Note any highlighted errors. No model is perfect.
Actual Predicted Error
1 no no
2 no yes <----
3 no yes <----
4 no no
5 no no
6 no no
7 no no
8 yes no <----
9 no no
10 no no
11 yes no <----
12 no no
Press Enter to continue:
================
Confusion Matrix
================
A confusion matrix summarises the performance of the model on this
evluation dataset. All figures in the table are percentages and are
calculated across the predicitions made by the model for each
observation and compared to the actual or known values of the target
variable. The first column reports the true negative and false negative
rates whilst the second column reports the false positive and true
positive rates.
The Error column calculates the error across each class. We also report
the overall error which is calculated as the number of errors over the
number of observations. The average of the class errors is also
reported.
Predicted
Actual no yes Error
no 69.6 9.5 12.0
yes 8.8 12.2 41.9
Overall error: 18%
Average class error: 27%
Press Enter to continue:
==========
Risk Chart
==========
A risk chart presents a cumulative performance view of the model.
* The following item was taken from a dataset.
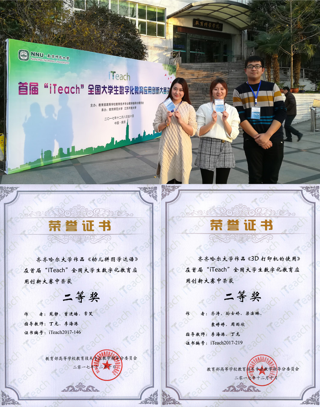 12月9-10日,由高等學(xué)校教育技術(shù)教學(xué)指導(dǎo)分委員會(huì)主辦,南京師范大學(xué)與江蘇開(kāi)放大學(xué)共同承辦的“iTeach”全國(guó)大學(xué)生2017(首屆)數(shù)字化教育應(yīng)用創(chuàng)新大賽在南京師范大學(xué)落下帷幕,我校兩件作品喜獲二等獎(jiǎng)。

The x-axis can be thought of as the days across the dataset, but
sorting (left to right) to days from the highest probability of rain
tomorrow on the left to the lowest probability of rain tomorrow on the
right.
The y-axis is then the performance of the model in predicting whether
it will rain tomorrow. It is the percentage of the actual days on which
it rains that are predicted by the model as raining tomorrow. Thus,
100% (at the top) covers all days on which it rains. For the top 20% of
the days with the highest probability of rain tomorrow (Caseload =
20%), some 54% of the actual days for which it rained are predicted by
the model.
The more area under the curve the better the model performance. A
perfect model would follow the grey line. The Precision line represents
the lift offered by the model, with the lift values on the right hand
axis.
Close the graphic window using Ctrl-W.